WHAT YOU HAVE TO DO: Scan the records beneath this line for the line holding "Funny Lineman Hourly" and the line holding "A lakásban 10", then transcribe exactly those two and all lines between.

*** STUDY MATERIAL Section Begins ***

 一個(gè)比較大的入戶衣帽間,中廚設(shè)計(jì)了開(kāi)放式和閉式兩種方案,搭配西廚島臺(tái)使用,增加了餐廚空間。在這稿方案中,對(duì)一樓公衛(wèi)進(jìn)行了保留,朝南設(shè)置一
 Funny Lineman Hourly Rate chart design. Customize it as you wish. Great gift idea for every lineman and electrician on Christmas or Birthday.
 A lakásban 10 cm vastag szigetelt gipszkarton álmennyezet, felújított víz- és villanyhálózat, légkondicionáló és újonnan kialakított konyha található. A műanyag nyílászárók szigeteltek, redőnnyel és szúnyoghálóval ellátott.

*** STUDY MATERIAL Section Ends ***
*** STUDY MATERIAL Section Begins ***

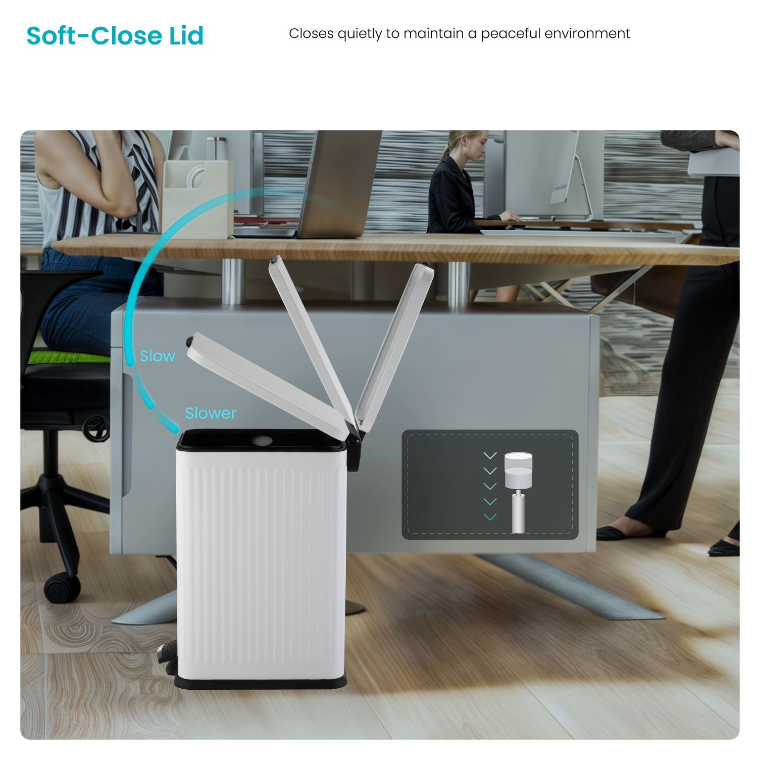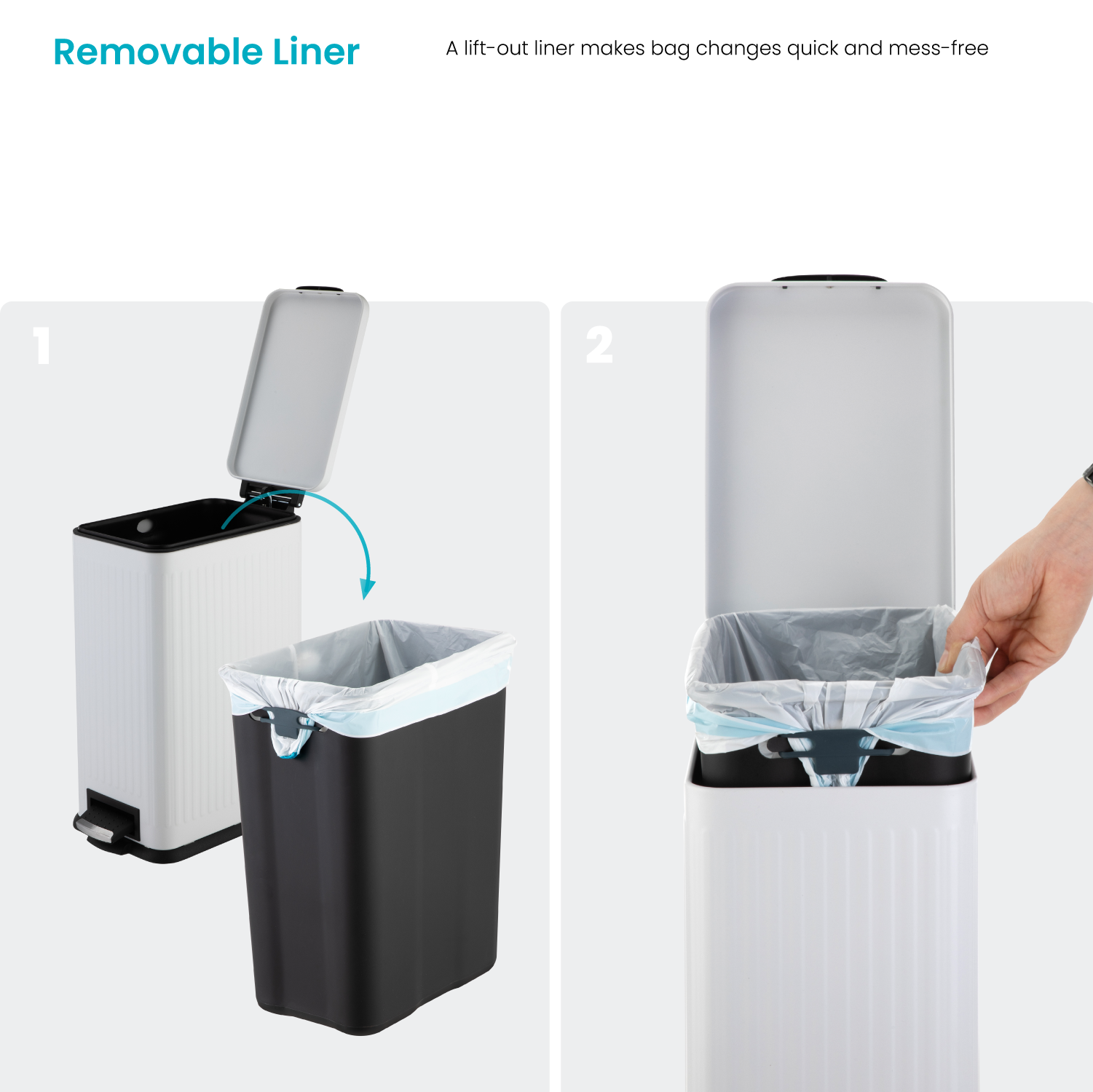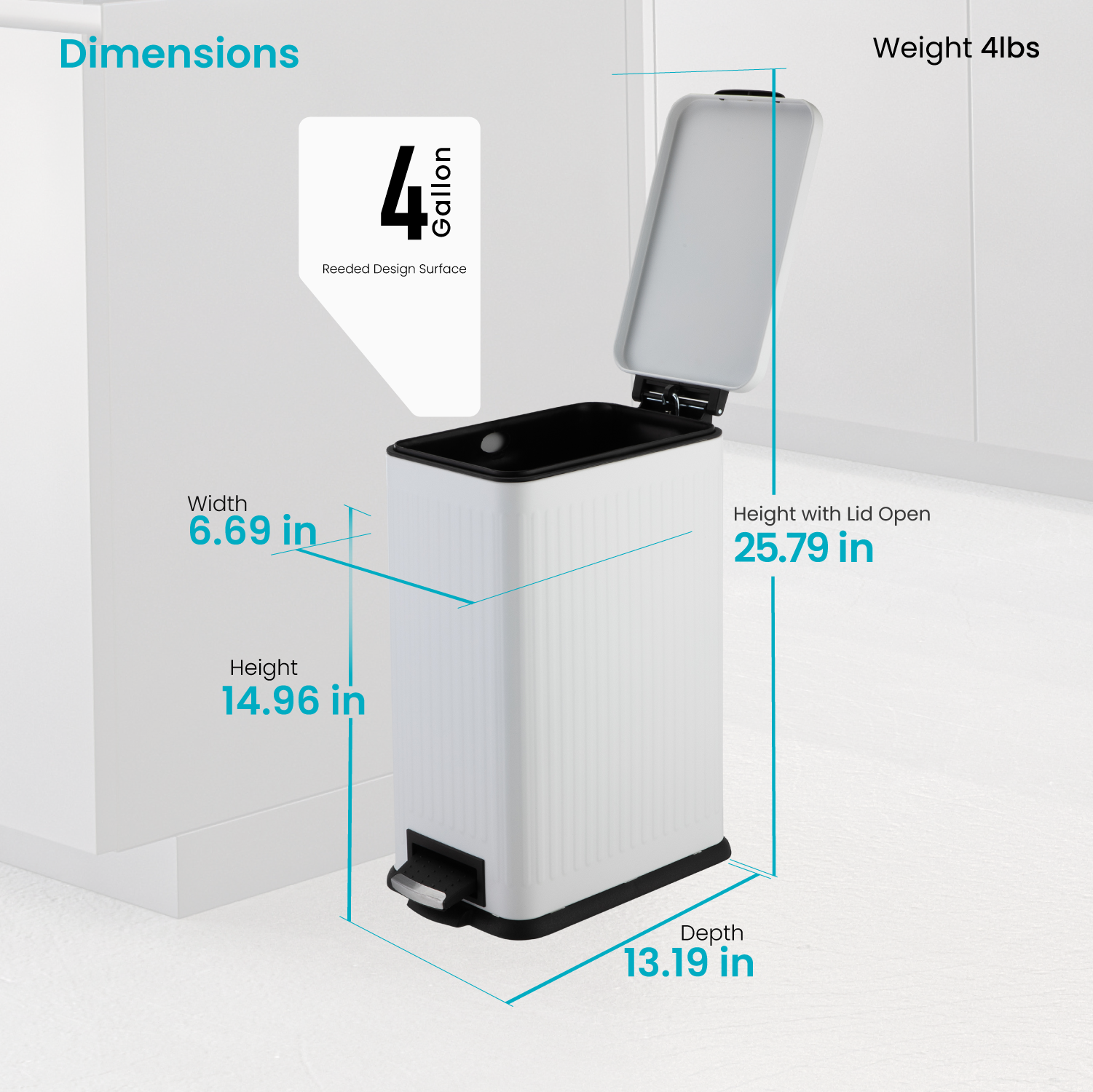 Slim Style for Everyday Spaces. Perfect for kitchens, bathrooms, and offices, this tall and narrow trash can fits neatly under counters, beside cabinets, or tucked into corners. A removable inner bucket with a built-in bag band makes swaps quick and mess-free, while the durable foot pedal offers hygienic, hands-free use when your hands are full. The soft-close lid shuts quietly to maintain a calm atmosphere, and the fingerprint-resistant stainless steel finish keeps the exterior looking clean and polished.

*** STUDY MATERIAL Section Ends ***

TASK SOLUTION:
 Funny Lineman Hourly Rate chart design. Customize it as you wish. Great gift idea for every lineman and electrician on Christmas or Birthday.
 A lakásban 10 cm vastag szigetelt gipszkarton álmennyezet, felújított víz- és villanyhálózat, légkondicionáló és újonnan kialakított konyha található. A műanyag nyílászárók szigeteltek, redőnnyel és szúnyoghálóval ellátott.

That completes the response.